**Exercise objective:**
Write out the opening lines of the data word for word, up to and including the line with "PediaSure is clinically", and leave every picture and every later line out.
*** Opening Task input ***
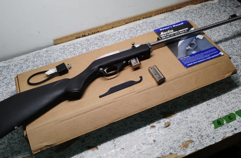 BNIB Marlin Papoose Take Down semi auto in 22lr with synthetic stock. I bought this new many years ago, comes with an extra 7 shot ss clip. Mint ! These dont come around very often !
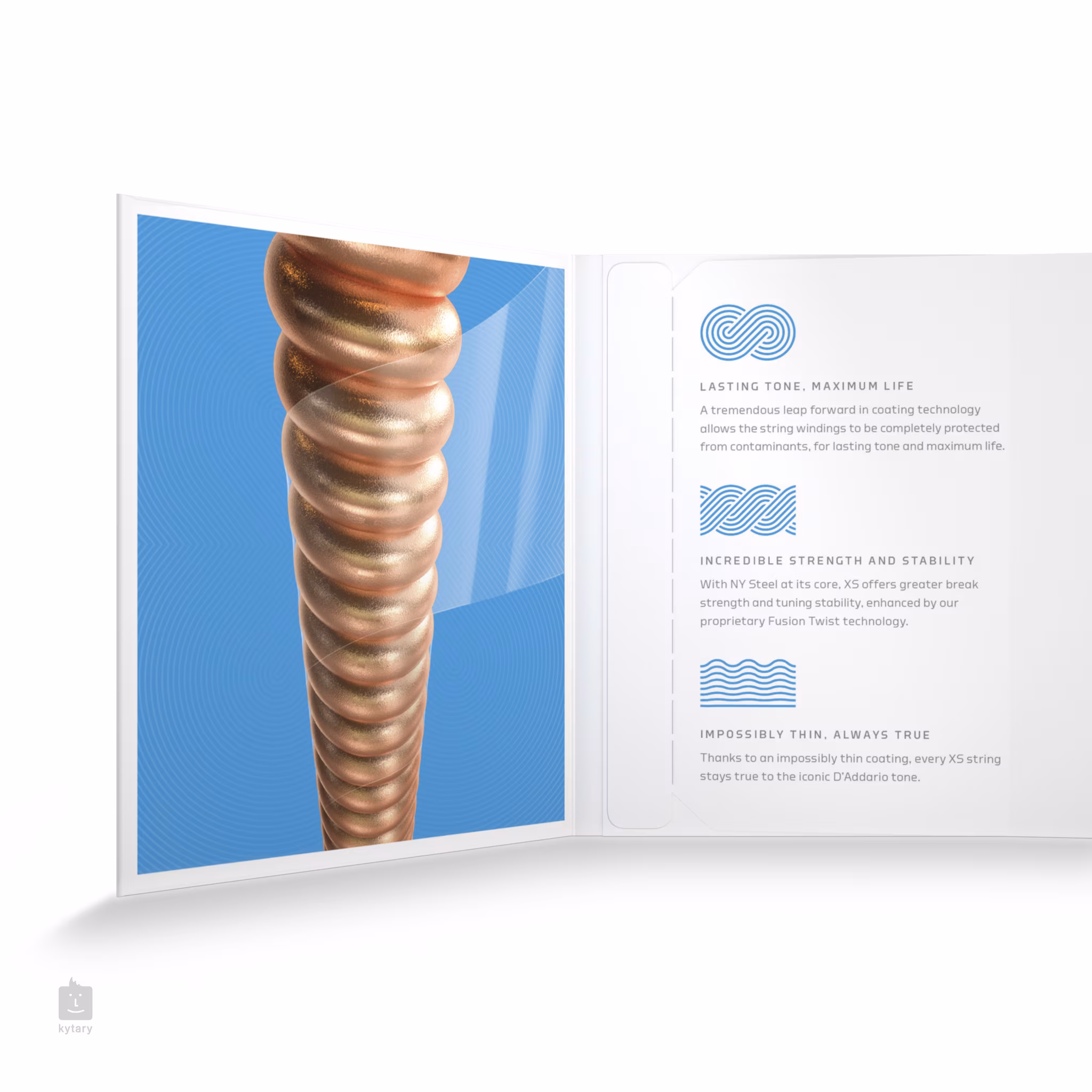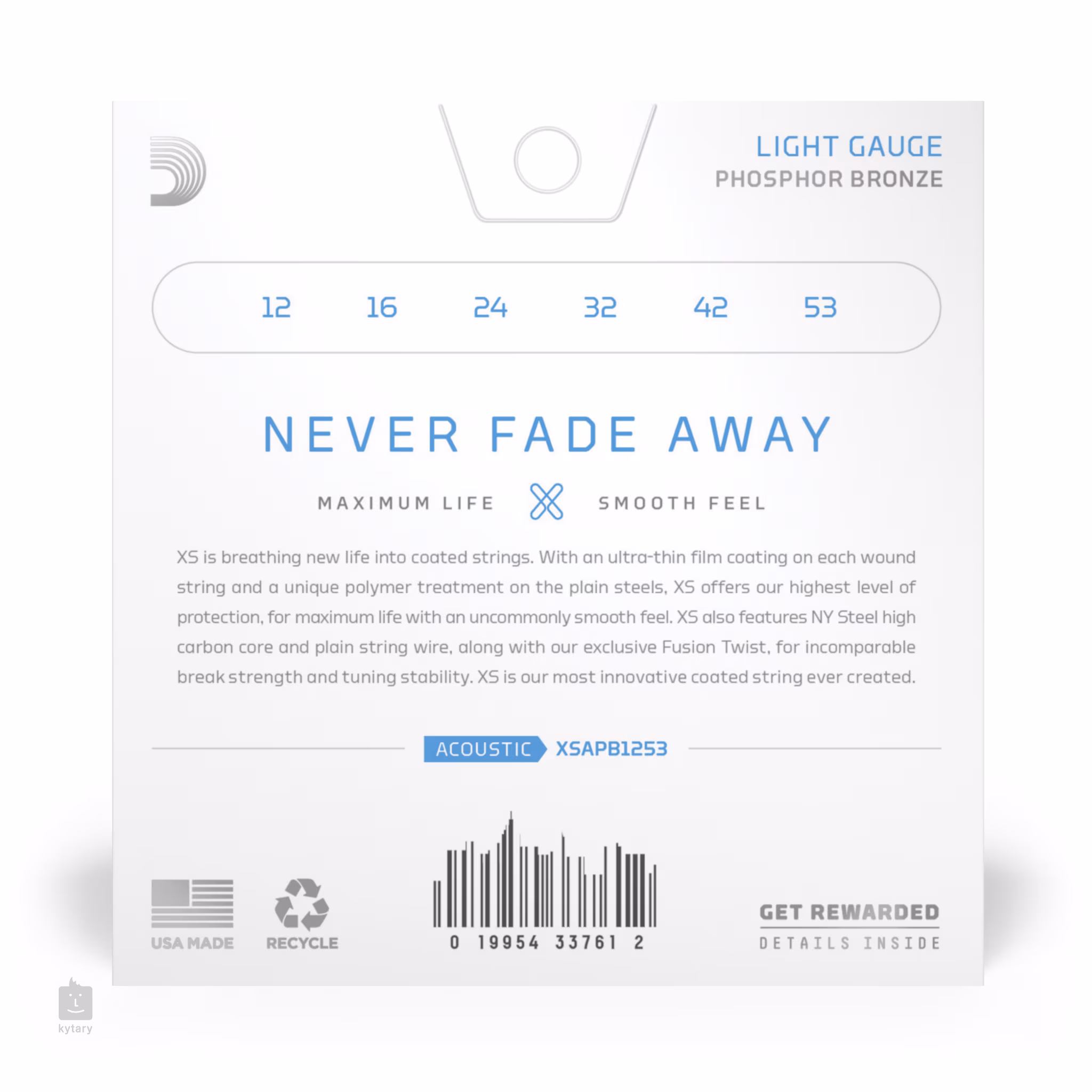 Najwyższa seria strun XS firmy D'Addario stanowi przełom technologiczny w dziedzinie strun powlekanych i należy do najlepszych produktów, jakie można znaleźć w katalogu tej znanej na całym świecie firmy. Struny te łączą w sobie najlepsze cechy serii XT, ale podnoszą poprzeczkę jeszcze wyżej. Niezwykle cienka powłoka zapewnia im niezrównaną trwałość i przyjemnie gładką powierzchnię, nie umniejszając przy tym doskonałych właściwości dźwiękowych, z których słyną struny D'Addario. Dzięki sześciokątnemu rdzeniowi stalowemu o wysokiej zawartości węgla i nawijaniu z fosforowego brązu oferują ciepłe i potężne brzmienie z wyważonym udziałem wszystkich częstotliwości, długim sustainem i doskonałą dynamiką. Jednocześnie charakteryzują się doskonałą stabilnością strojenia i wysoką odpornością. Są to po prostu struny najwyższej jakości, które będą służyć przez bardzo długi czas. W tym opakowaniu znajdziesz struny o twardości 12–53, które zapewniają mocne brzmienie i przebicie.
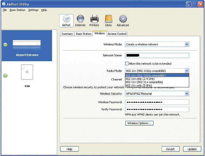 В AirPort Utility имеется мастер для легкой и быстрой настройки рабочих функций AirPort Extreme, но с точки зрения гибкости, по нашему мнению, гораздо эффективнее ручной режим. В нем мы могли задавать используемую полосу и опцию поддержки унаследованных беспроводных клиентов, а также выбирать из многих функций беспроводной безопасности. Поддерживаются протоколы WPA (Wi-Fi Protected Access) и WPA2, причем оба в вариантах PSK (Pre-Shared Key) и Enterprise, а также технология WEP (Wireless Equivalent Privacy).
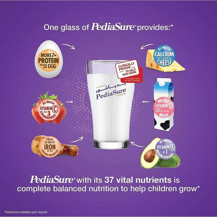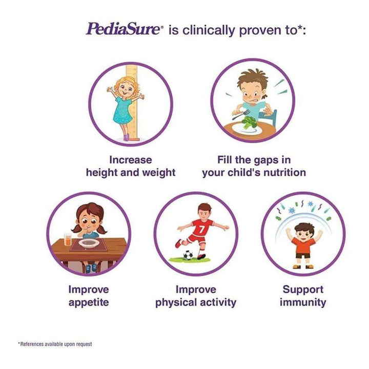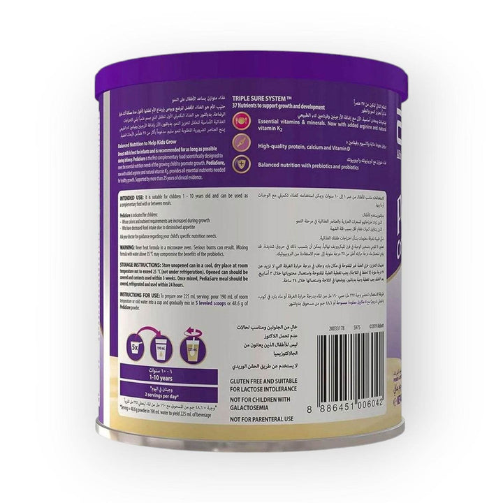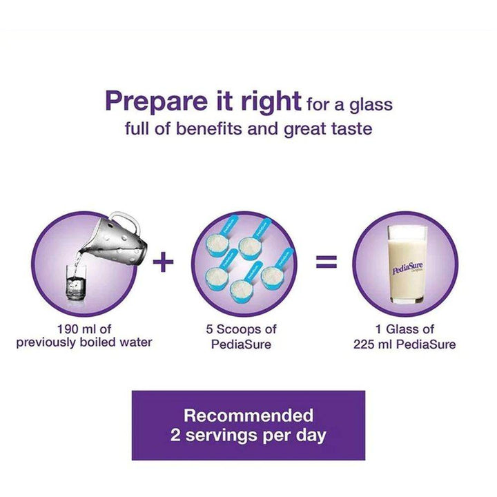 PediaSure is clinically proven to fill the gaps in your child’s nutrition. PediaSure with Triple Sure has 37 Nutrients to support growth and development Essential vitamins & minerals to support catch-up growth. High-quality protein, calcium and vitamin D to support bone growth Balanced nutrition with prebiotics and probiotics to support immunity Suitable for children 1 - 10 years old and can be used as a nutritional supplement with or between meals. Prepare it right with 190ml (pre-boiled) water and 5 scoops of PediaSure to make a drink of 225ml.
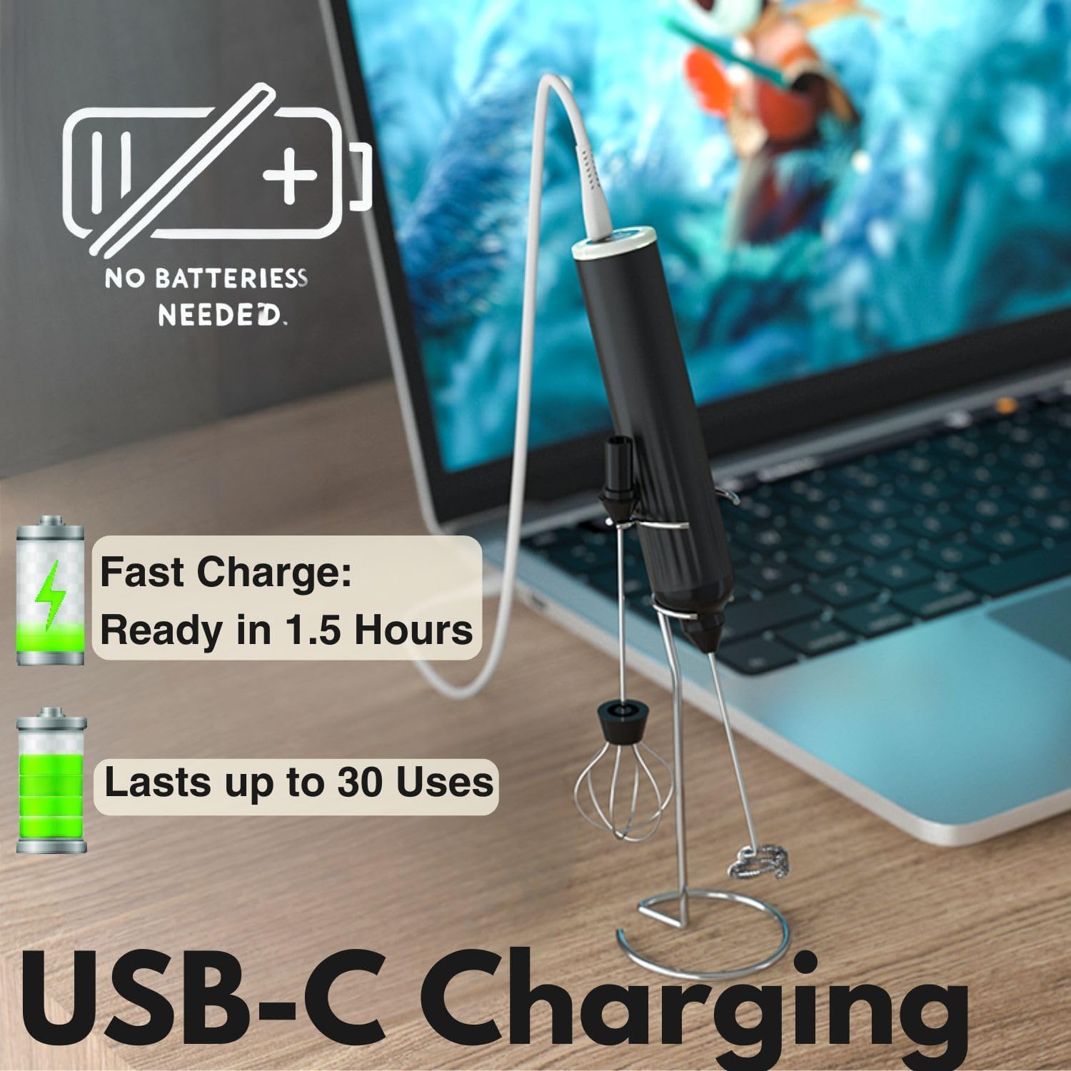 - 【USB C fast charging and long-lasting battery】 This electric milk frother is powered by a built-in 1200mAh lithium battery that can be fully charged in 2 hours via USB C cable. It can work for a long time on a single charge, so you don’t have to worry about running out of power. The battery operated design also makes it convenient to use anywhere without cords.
*** Closing Task input ***
**Finished task:**
 BNIB Marlin Papoose Take Down semi auto in 22lr with synthetic stock. I bought this new many years ago, comes with an extra 7 shot ss clip. Mint ! These dont come around very often !
 Najwyższa seria strun XS firmy D'Addario stanowi przełom technologiczny w dziedzinie strun powlekanych i należy do najlepszych produktów, jakie można znaleźć w katalogu tej znanej na całym świecie firmy. Struny te łączą w sobie najlepsze cechy serii XT, ale podnoszą poprzeczkę jeszcze wyżej. Niezwykle cienka powłoka zapewnia im niezrównaną trwałość i przyjemnie gładką powierzchnię, nie umniejszając przy tym doskonałych właściwości dźwiękowych, z których słyną struny D'Addario. Dzięki sześciokątnemu rdzeniowi stalowemu o wysokiej zawartości węgla i nawijaniu z fosforowego brązu oferują ciepłe i potężne brzmienie z wyważonym udziałem wszystkich częstotliwości, długim sustainem i doskonałą dynamiką. Jednocześnie charakteryzują się doskonałą stabilnością strojenia i wysoką odpornością. Są to po prostu struny najwyższej jakości, które będą służyć przez bardzo długi czas. W tym opakowaniu znajdziesz struny o twardości 12–53, które zapewniają mocne brzmienie i przebicie.
 В AirPort Utility имеется мастер для легкой и быстрой настройки рабочих функций AirPort Extreme, но с точки зрения гибкости, по нашему мнению, гораздо эффективнее ручной режим. В нем мы могли задавать используемую полосу и опцию поддержки унаследованных беспроводных клиентов, а также выбирать из многих функций беспроводной безопасности. Поддерживаются протоколы WPA (Wi-Fi Protected Access) и WPA2, причем оба в вариантах PSK (Pre-Shared Key) и Enterprise, а также технология WEP (Wireless Equivalent Privacy).
 PediaSure is clinically proven to fill the gaps in your child’s nutrition. PediaSure with Triple Sure has 37 Nutrients to support growth and development Essential vitamins & minerals to support catch-up growth. High-quality protein, calcium and vitamin D to support bone growth Balanced nutrition with prebiotics and probiotics to support immunity Suitable for children 1 - 10 years old and can be used as a nutritional supplement with or between meals. Prepare it right with 190ml (pre-boiled) water and 5 scoops of PediaSure to make a drink of 225ml.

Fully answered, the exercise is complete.